## WHAT THE EXERCISE ASKS
Pictures in the entries below are to be left out; otherwise, reproduce exactly the lines from the first through the line containing "värdportar/2x K-Slots (Standard/Nano)".

## SUPPLIED MATERIAL
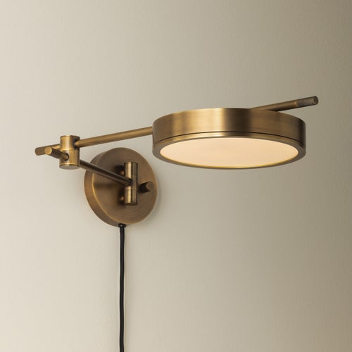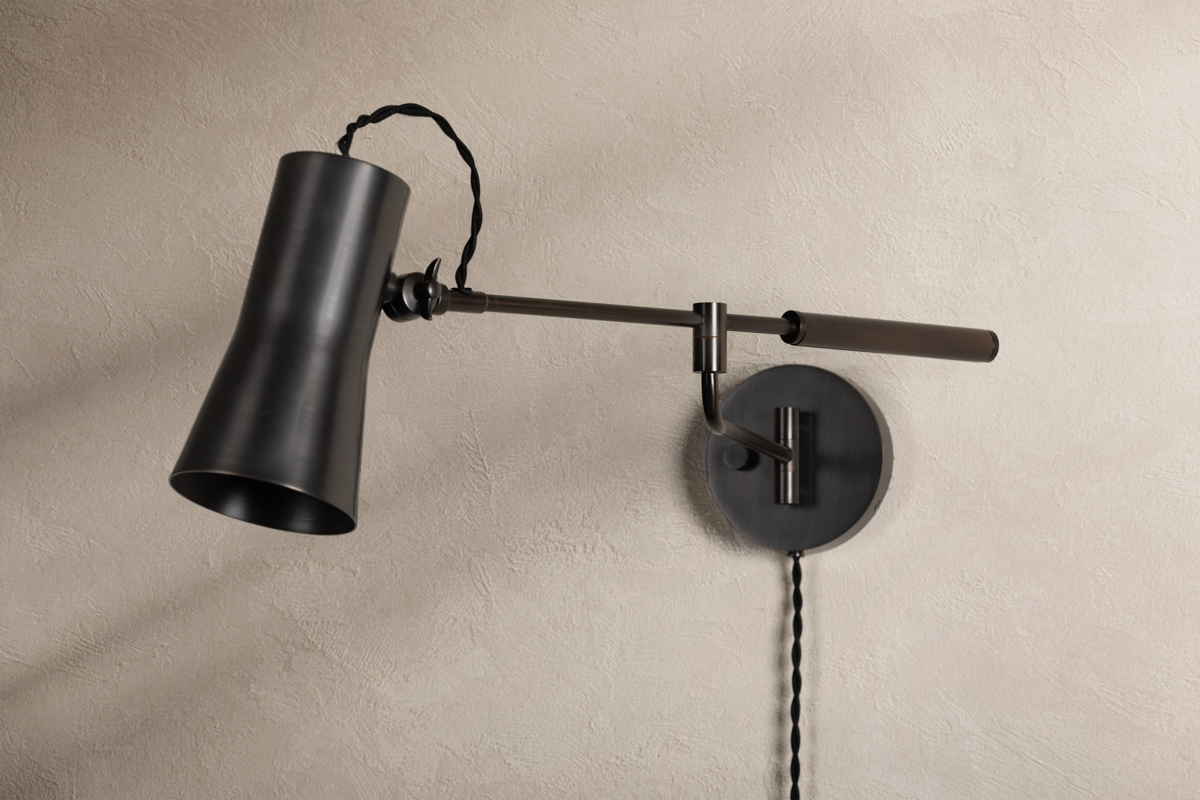 Tailored task lighting, this portable, functional swing arm sconce is also thoughtfully designed and beautiful. The sleek arm features a wooden handle on one end and an adjustable metal shade in Patina Brass or Bronze on the other. The twisted black cord detailing at the shade and backplate give Novel a nostalgic feel. Part of our Lauren Liess collection.
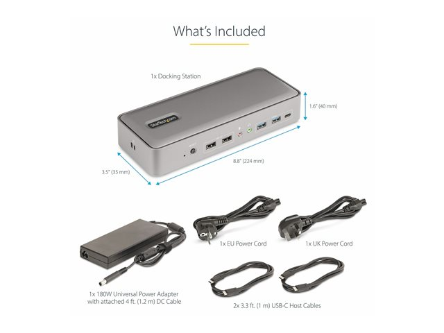 • ANSLUTNING: Dockan har en mängd olika portar för enhetsanslutning; 2x USB 2.0 Typ-A HID/2x USB-A (10Gbps)/USB-C (10Gbps)/2x DisplayPort/2x USB-C/Gigabit Ethernet/audio 3,5mm stereo/micro 3,5mm värdportar/2x K-Slots (Standard/Nano)
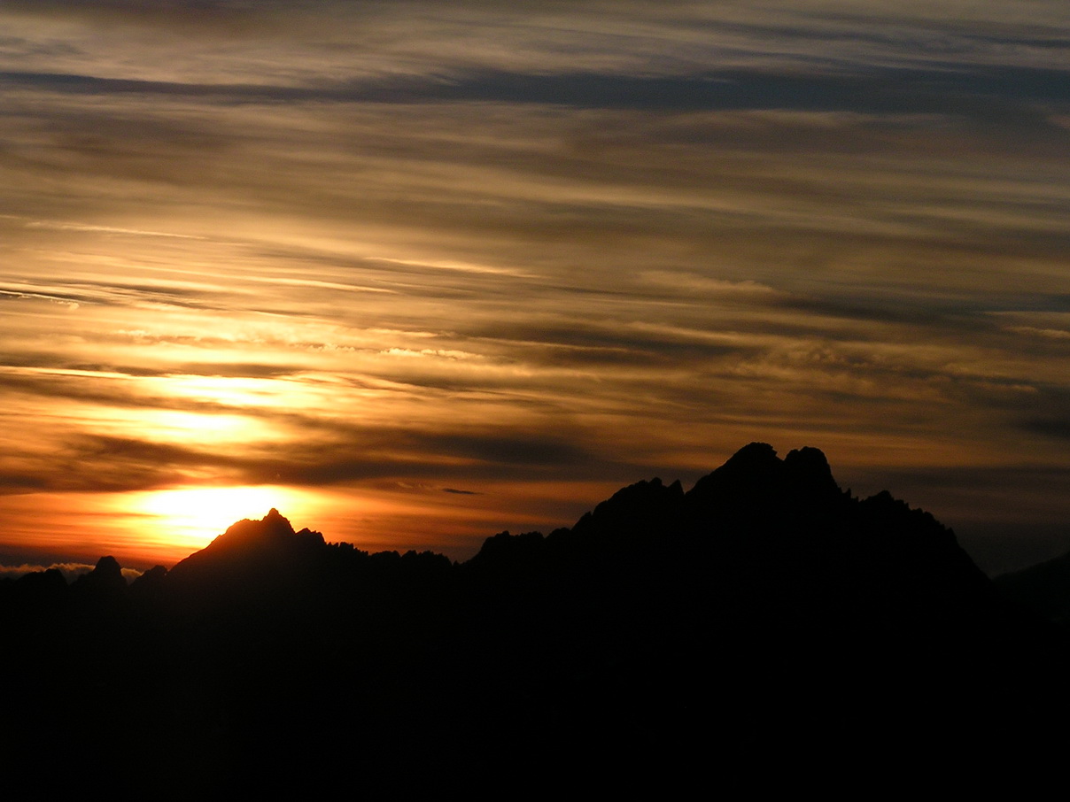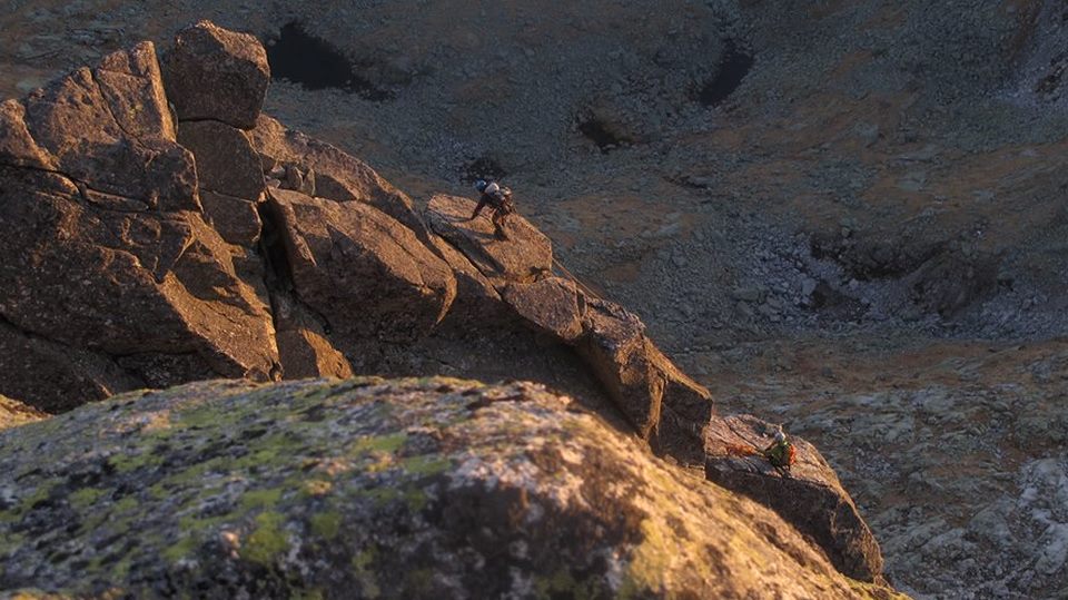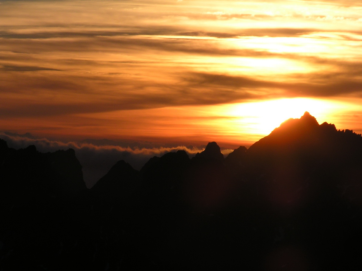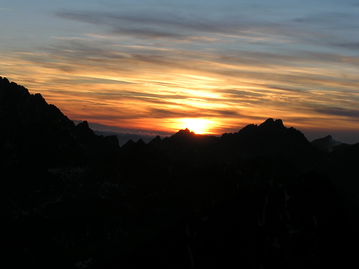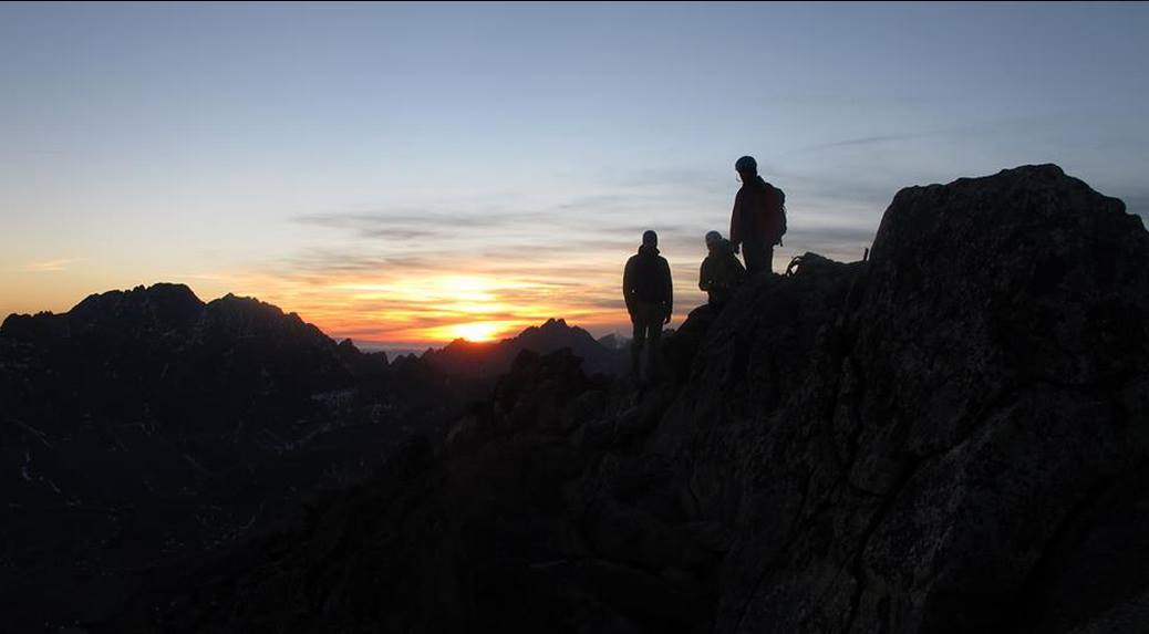 Našu poslednú siedmu dĺžku už istím na ľahkom hrebeni len cez seba. Chalani nás čakajú hore a fotia. Vychádzame na vrchol Širokej veže práve v momente západu slnka. Stres zo mňa opadáva. Sisa zachováva duchaprítomnosť a tak vznikajú fotky, vďaka ktorým potom aj tento článok :)
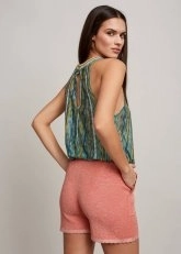 Yazlık dolabınızın yeni favorisini keşfedin. Pembe ince triko şort, global çapta sürdürülebilir ormancılık ilkelerinin uygulandığı FSC sertifikalı İtalyan iplik kalitesi ile ayrıcalıklıdır. Nefes alan ince yüzeyi, rahat kesimi, bağcıklı modeli, fonksiyonel cepleri ile konfor sunar. Parıltılı metalik iplik yapısı ile benzersiz şıklıktadır. Çağdaş kadının yazlık dolabına uzun yıllar değer katacak bir Knitss tasarımıdır.
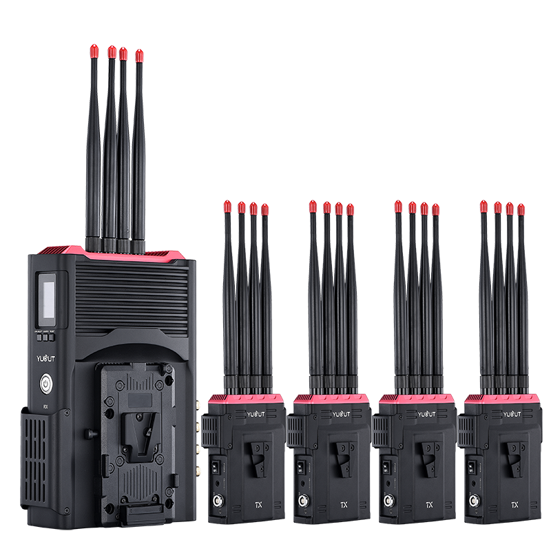 YD-TY1004-DS是一套四發一收全高清音視頻無線傳輸系統,四路發射共用一路無線信道,支持最高視頻分辨率1080P/60Hz, 此系統基于5G無線網絡技術進行傳輸的,并具有先進的4x4 MIMO和Beam-Forming技術。采用H.265編解碼技術進行圖像處理,圖像更清晰,延時更低。
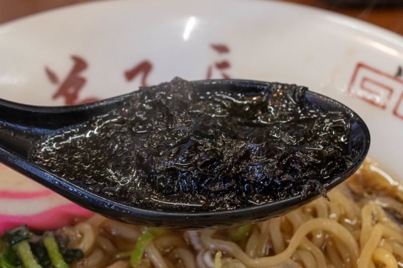 スープのこだわりをストレートに表現し、特製の細麺を合わせ、評価されてきました。 弟子屈味噌・辛味噌 (中太ちぢれ麺、函館産「刺身昆布」のせ)

## OUTPUT FOR THIS EXERCISE
 Tailored task lighting, this portable, functional swing arm sconce is also thoughtfully designed and beautiful. The sleek arm features a wooden handle on one end and an adjustable metal shade in Patina Brass or Bronze on the other. The twisted black cord detailing at the shade and backplate give Novel a nostalgic feel. Part of our Lauren Liess collection.
 • ANSLUTNING: Dockan har en mängd olika portar för enhetsanslutning; 2x USB 2.0 Typ-A HID/2x USB-A (10Gbps)/USB-C (10Gbps)/2x DisplayPort/2x USB-C/Gigabit Ethernet/audio 3,5mm stereo/micro 3,5mm värdportar/2x K-Slots (Standard/Nano)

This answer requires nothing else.